Introducing SeeAct: A Generalist Web Agent Framework
SeeAct is a cutting-edge system designed to operate as a generalist web agent capable of autonomously performing tasks on various websites. It leverages large multimodal models (LMMs) like GPT-4V(ision) to make web interactions more intuitive and efficient. The project stands out by providing robust tools and frameworks that utilize these advanced models for web-based tasks.
Key Components
SeeAct comprises two primary components:
-
Codebase for Web Agents: This powerful codebase supports running web agents on live sites. It serves as a bridge between the user and the browser, automating interactions effectively and evaluating performance on live webpages.
-
Framework Utilizing LMMs: It employs LMMs as generalist agents in the digital space. These models are designed to understand and perform a variety of tasks, enhancing efficiency across diverse online environments.
Recent Updates
SeeAct is continually evolving with recent improvements including:
- Crawler mode to navigate through websites more freely.

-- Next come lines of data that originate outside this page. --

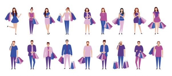 图穷联素材库 » 购物人群平面UI插画人物元素素材合集 Set of character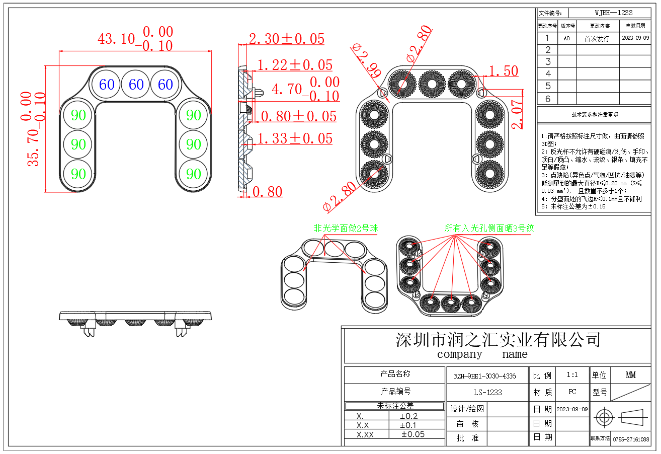 4.本产品采用高精度非球面光学加工、使用进口模具钢材、原料专用照明行业标准日本帝人PC-1250Z,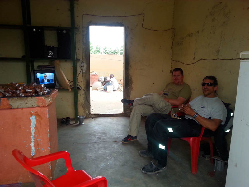 Tras despertarnos, preparamos el desayuno en la misma habitación y nos pusimos a reparar el capó del coche. Después de despedirnos de Esteban, que seguiría hacia Mali, nosotros repostamos y cogemos la pista que nos habría de llevar a Selibaby con intención de llegar al paso fronterizo de Bakei.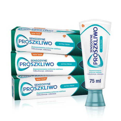 Kwasy w Twojej codziennej diecie mogą narazić ochronną barierę Twoich zębów, sprawiając, że stają się one wrażliwe na powolną erozję. Specjalna formuła pasty ProSzkliwo Extra Fresh ma za zadanie ochronić zęby przed szkodliwym działaniem erozji kwasowej. Przy każdym użyciu pasty ProSzkliwo Extra Fresh specjalnie opracowana formuła aktywnie wzmacnia i utwardza osłabione kwasem szkliwo, a dodatkowo pozostawia uczucie świeżości czystości.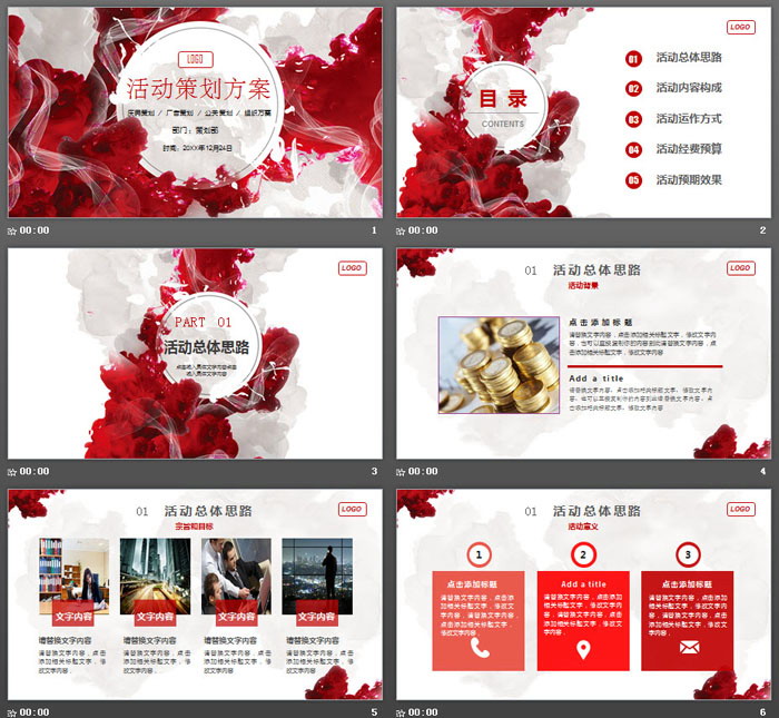 这是一套时尚红色油漆颜料背景的,活动策划方案PPT模板,共24张;
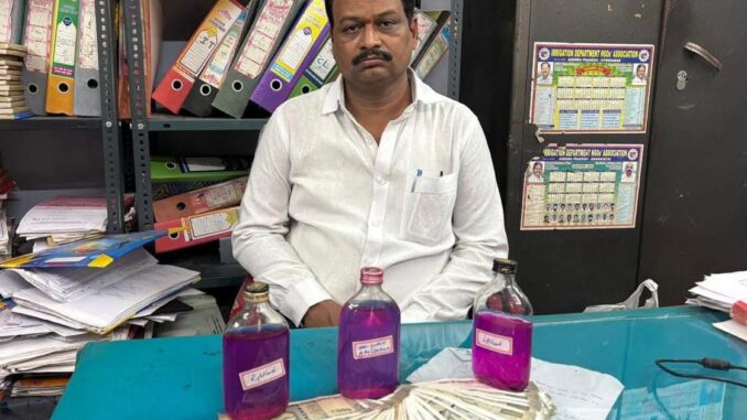 మార్కాపురం ఇరిగేషన్ కార్యాలయంలో సీనియర్ అసిస్టెంట్ శ్రీనివాసరావు ఒక కాంట్రాక్టర్ నుండి 30 వేల రూపాయిలు లంచం తీసుకుంటుండగా ఏసీబీ అధికారులు రెడ్ హ్యాండెడ్ గా పట్టుకున్నారు. ఇందుకు సంబంధించిన వివరాలను ఏసీబీ ఒంగోలు డీఎస్పీ ఎస్ శిరీష మీడియాకు వివరించారు. శ్రీనివాసరెడ్డి అనే కాంట్రాక్టర్ మూడు అభివృద్ధి పనులు చేశారు. పెండింగ్ బిల్లులు అప్రూవల్ చేసేందుకు సీనియర్ అసిస్టెంట్ 30 వేల రూపాయలు డిమాండ్ చేశాడు. లంచం ఇవ్వడానికి ఇష్టపడని కాంట్రాక్టర్ శ్రీనివాసరెడ్డి ఏసీబీ అధికారులను ఆశ్రయించాడు. దాంతో కాంట్రాక్టర్ నుండి 30 వేల రూపాయల లంచం తీసుకుంటుండగా ఏసీబీ అధికారులు పథకం ప్రకారం సీనియర్ అసిస్టెంట్ శ్రీనివాసరావును ఏసీబీ డిఎస్పీ శిరీష వలపన్ని పట్టుకున్నారు. ఈ దాడుల్లో ఏసీబీ ఇన్స్పెక్టర్లు రమేష్ బాబు, శేషు,సబ్-ఇన్స్పెక్టర్లు ప్రసాద్, మస్తాన్ షరీఫ్, సిబ్బంది పాల్గొన్నారు..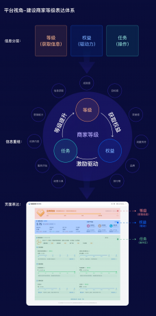 信息分層:開始頁(yè)面設(shè)計(jì)之前需要設(shè)計(jì)信息結(jié)構(gòu)和組織方式,以便商家可以輕松找到需要的信息。以商家等級(jí)為例,首先根據(jù)信息價(jià)值將信息分為<等級(jí)-權(quán)益-任務(wù)>三大類(等級(jí)作銜接、權(quán)益提供驅(qū)動(dòng)力、任務(wù)是需完成的動(dòng)作)。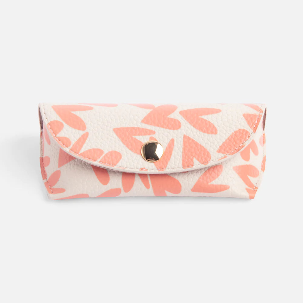 Coral Hearts Flap Glasses Case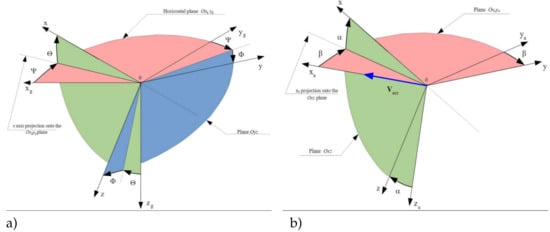 To describe the forces and moments affecting UAVs, frames of reference compliant with PN-ISO 1151 (flight dynamics—concepts, quantities, and symbols) and markings from [PN-ISO 1151] have been adopted. Coordinate systems (Figure 5a,b) are described as follows: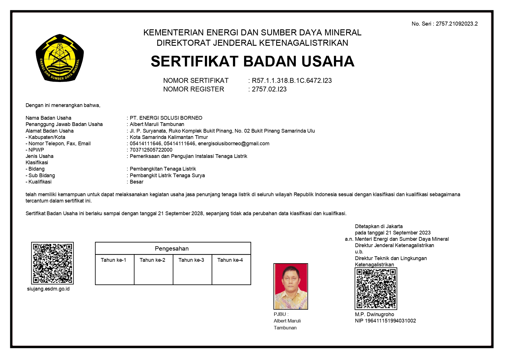Sertifikat Badan Usaha - PLTS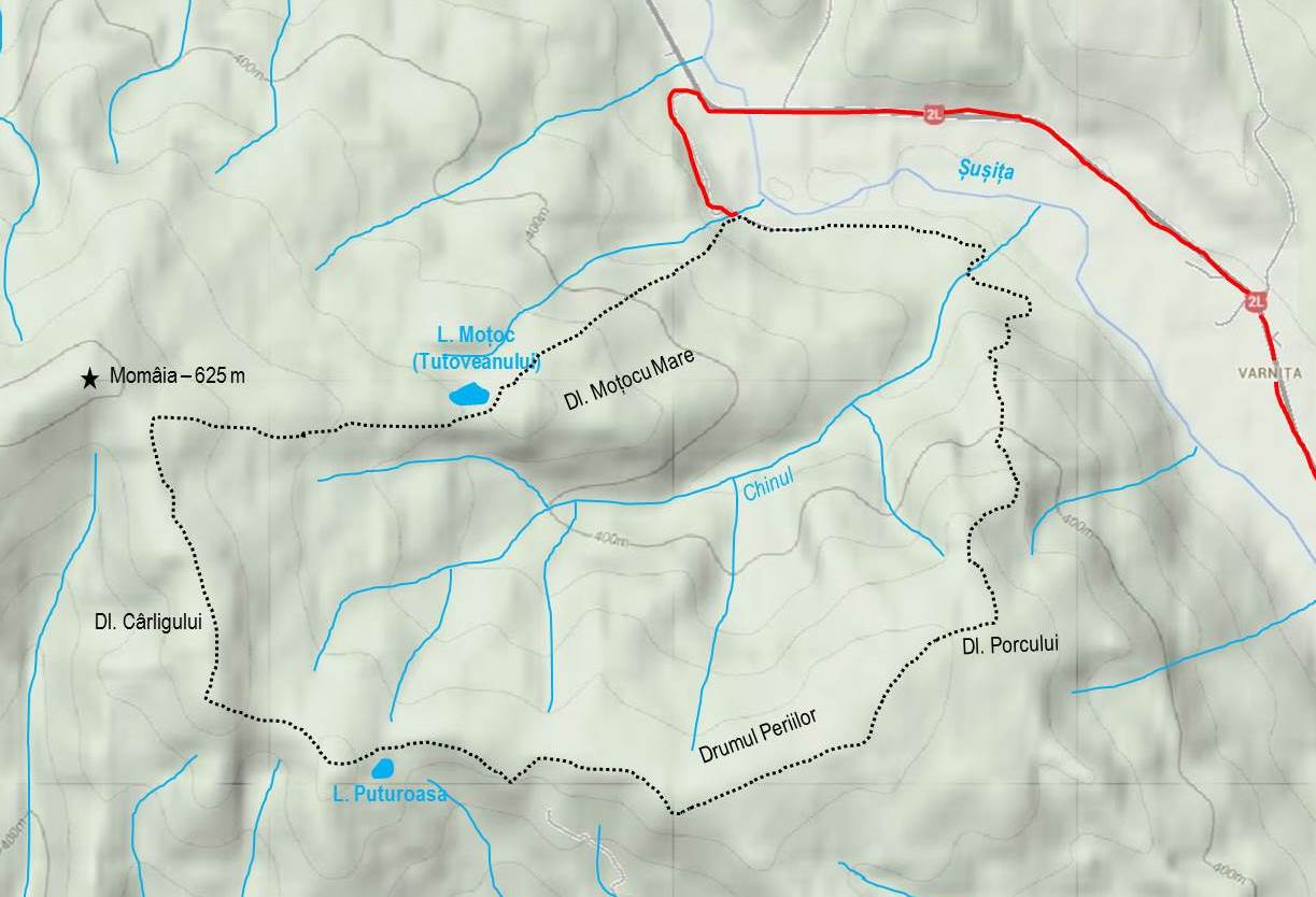 – traseu montan: Gura Pârâului Lacul Tutovanului – Dl. Porcului – Drumul Periilor – Lacul Puturoasa – Dl. Cârligului – Lacul Tutovanului – Dl. Moțocu Mare – Gura Pârâului Lacul Tutovanului

- Support for various grounding strategies enhancing task execution.
- Compatibility with new models like Gemini and LLaVA.
- Acceptance into ICML'24, indicating its contribution to the machine learning community.
Setting Up and Using SeeAct
Getting started with SeeAct involves creating a conda environment and installing relevant dependencies. Playwright, a tool for automating web interactions, is integral to SeeAct's functionality, allowing web agents to simulate user activities like clicking and typing.
Features and Usage Modes
- Demo Mode: A mode for testing task execution by inputting a task and a website directly.
- Auto Mode: Allows automated task execution based on predefined lists, enabling batch processing.
- Crawler Mode: Introduces a novel way for the agent to explore links and pages autonomously.
Safety and Monitoring
As a research tool, SeeAct emphasizes safety and monitoring. It includes settings that require user confirmation before executing potentially impactful actions, ensuring users can inspect and manage the agent's decisions before they are finalized.
Multimodal-Mind2Web Dataset
SeeAct features the Multimodal-Mind2Web dataset, aligning HTML documents with corresponding webpage screenshots. This dataset supports diverse data splits and helps ensure the accuracy of the agent's actions.
Experimentation and Developments
Users can experiment with generating visual data from Mind2Web raw dumps and perform online evaluations. Additionally, SeeAct offers configuration flexibility through TOML files, allowing customization for specific research needs.
Licensing
The SeeAct project and its associated datasets are offered under Open RAIL licenses, emphasizing its commitment to open and transparent research.
Community and Support
The SeeAct development team welcomes collaboration and discussion. For inquiries, reaching out via email or Github issues is encouraged.
By continually refining the interaction between AI and web technologies, SeeAct aims to advance how automated agents can perform complex tasks on the web efficiently and safely.